Strona 1 z 1

Nerwica a zaburzenia dysocjacyjne

: 21 sierpnia 2016, o 21:48
autor: Pawcio25234
Czesc , psychiatra na kartce ktora zanioslem do psychologa napisal objaw:Zaburzenia dysocjacyjne , a mowil mi ze to co mam to stany nerwicowe , mowilem mu o odrealnieniu , natretnych myslach jakie mi towarzyszal.Teraz czytam na internecie ze zaburzenia dysocjacyjne podlegaja tez rozdwojeniu jazni , nie mam takiego czegos , ale skoro on tak napisal ze mam zaburzenia dysocjacyjne to moge to miec? Bardzo sie boje o to.

Nerwica a zaburzenia dysocjacyjne

: 21 sierpnia 2016, o 22:16
autor: Astronom
Wikipedia -"Dysocjacja (łac. dissociatio, rozdzielenie) – według amerykańskiej klasyfikacji zaburzeń DSM-IV, „rozłączenie funkcji, które normalnie są zintegrowane, czyli świadomości, pamięci, tożsamości czy percepcji.
Dysocjacja powoduje odłączenie podmiotu od siebie (zmiany w pojęciu tożsamości, np. depersonalizacja, osobowość wieloraka – gdy jedna bądź kilka tożsamości zaczyna żyć niezależnym życiem), od otoczenia (zmiany w pojmowaniu świata zewnętrznego, np. derealizacja, halucynacje) lub brak integracji pomiędzy różnymi procesami umysłowymi lub różny stopień amnezji (całkowitej lub częściowej)[2]. Dysocjacja to jeden z najsilniejszych mechanizmów obronnych znanych w psychologii."

Dysocjacja to niekoniecznie rozdwojenie jaźni. Są różne zaburzenia dysocjacyjne, a rozdwojenie jaźni jest formą bardzo poważną. Ale tak jak na wikipedii, zmiany mogą obejmować postrzeganie siebie, czyli depersonalizacja i zmiana postrzegania świata, czyli derealizacja.

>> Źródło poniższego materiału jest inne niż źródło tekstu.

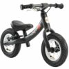 **De eerste stapjes van je kind of kleinkind zijn een wonder, niet in het minst voor het kindje zelf.** Ineens is er veel meer van de omgeving te zien en het kind valt van de ene verwondering in de andere. De eerste stapjes gaan moeizaam, met vallen en opstaan, maar al snel heeft je kindje de smaak te pakken en wil het je overal volgen, of misschien zelfs een eigen weg gaan. Tegen die tijd kan je overwegen het eerste loopfietsje aan te schaffen. Een loopfietsje leert het kindje het evenwicht bewaren, omgaan met de omgeving, sneller bewegen dan lopen en levert daarbij een hele hoop plezier. Bikestar, een bekende fabrikant uit Duitsland, biedt een keur aan loopfietsjes aan. Van hout, van aluminium en andere metalen, met massieve bandjes en luchtbandjes. Voor de allerjongste en ondernemende kinderen vanaf 18 maanden zijn er tot tweewielers om te bouwen driewielers. Voor de stoertjes zijn er MTB-loopfietsjes met 12 inch wielen. Het aanbod is kleurrijk en heel divers, maar altijd is er gelet op de grootste veiligheid in materiaalkeuze, bouwkwaliteit en ergonomie. Een feest voor het kind, een hele geruststelling voor de (groot)ouders. **Licht, stabiel en veilig** Dit loopfietsje weegt niet veel maar is toch stabiel en veilig. Het kind kan met dit fietsje beginnen de wereld te ontdekken. Alle gebruikte materialen, ook de lak en handgrepen, voldoen aan de wettelijke normen van veiligheid en zijn dus gifvrij en van onberispelijke kwaliteit. **Een fantastische ervaring** Met een loopfietsje krijgt het kind de vrijheid om zelf te gaan waar het wil, leert het het evenwicht te bewaren, en leert het omgaan met snelheid. **Specificaties** – Leeftijd: vanaf ca. 2-3 jaar (88 cm lengte) – Zadelhoogte: ca. 30-37 cm – Stuurhoogte: ca. 43-49 cm – Gewicht: 4,4 Kg – Solide stalen frame met meerdere slagvaste laklagen – Stuur met uitslagbegrenzing – In hoogte en hoek verstelbaar stuur met polstering – Gifvrije veiligheidshandgrepen – Handrem op het achterwiel met kindermaat handgreep – Extra dikke 10 inch luchtbanden, veert lekker – Standaard uitgerust met een zijstandaard – 85%25 voorgemonteerd, afmontage neemt ca 10 minuten in beslag
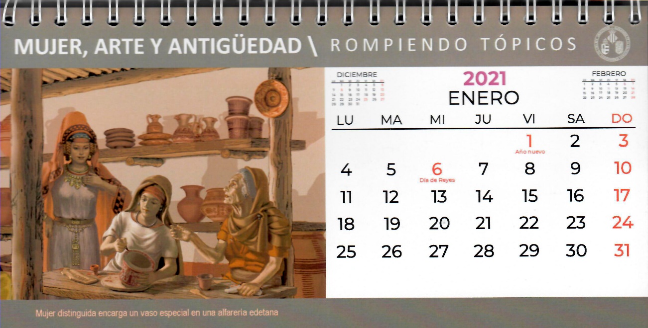 Además, estas imágenes han sido empleadas para la creación de los calendarios Mujeres, Arte y Antigüedad: Rompiendo Tópicos tanto de 2021 [Figs. 3 y 4] como de 2022 [Figs. 5 y 6], que en este caso no solo han contado con el apoyo de la Unitat d’Igualtat, sino también del Servicio de Formación Permanente e Innovación Educativa de la UV a través del Plan de Innovación de la Facultad de Geografía e Historia. Se pretende con ello crear un producto que sirva para dar visibilidad al contenido impartido en estos encuentros y que, de esta manera, pueda salir también de las aulas.
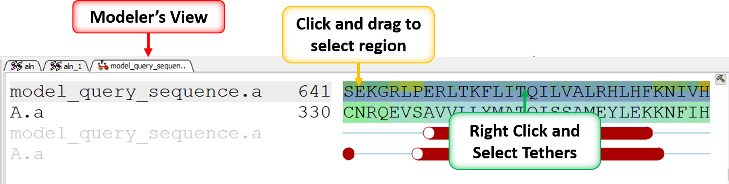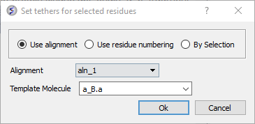 - Right click on the alignment selection and choose "Set Tethers". Choose "Use alignment" option and then select the alignment of query vs B.pdb and the template structure B.pdb in the drop down window Click OK.
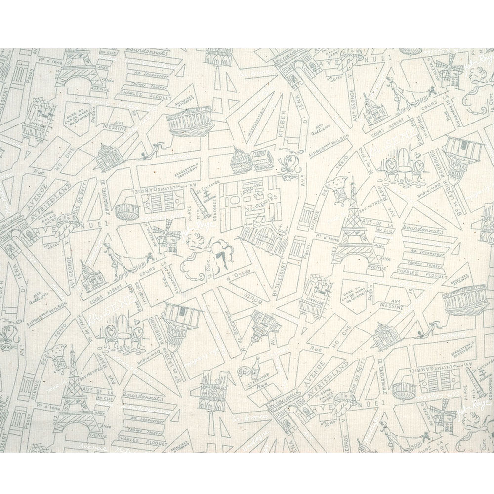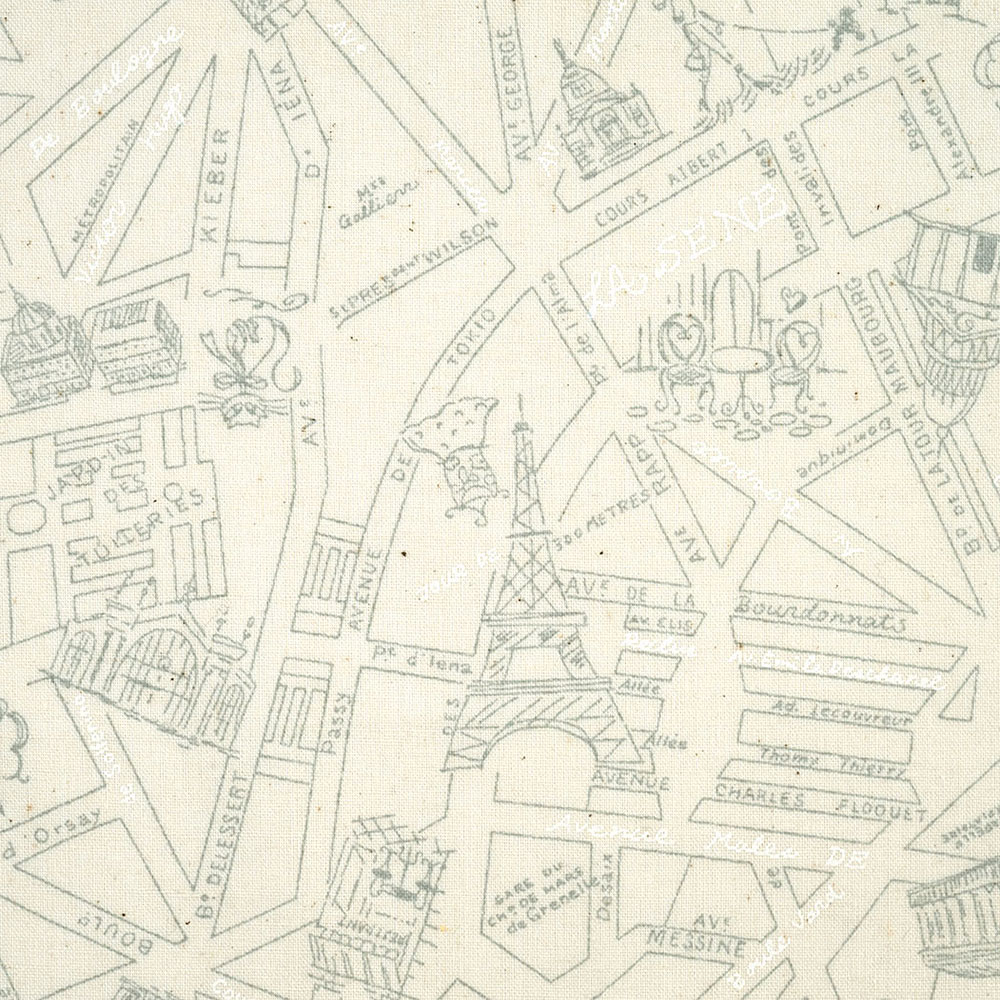 綿殻が入ったナチュラルな生成り地に、細いグレーの線でパリの地図をデザイン。エッフェル塔はじめ名所探しも楽しめます。

Nerwica a zaburzenia dysocjacyjne

: 21 sierpnia 2016, o 22:20
autor: Pawcio25234
Gdybym mial to rozdwojenie jazni to ktos by to zauwazyl? Czy jest tak jak w dd ze osoby z otoczenia nie widza zadnych zmian , bo po mnie np nikt nie widzi , ojciec mowi ze jakbym mu nie powiedzial o moich objawach to by nawet nie pomyslal ze cos takiego moge miec , znajomi tez nic nie mowia , jak przyjacielowi powiedzialem to tez sie zdziwil ze mam takie cos jak dd.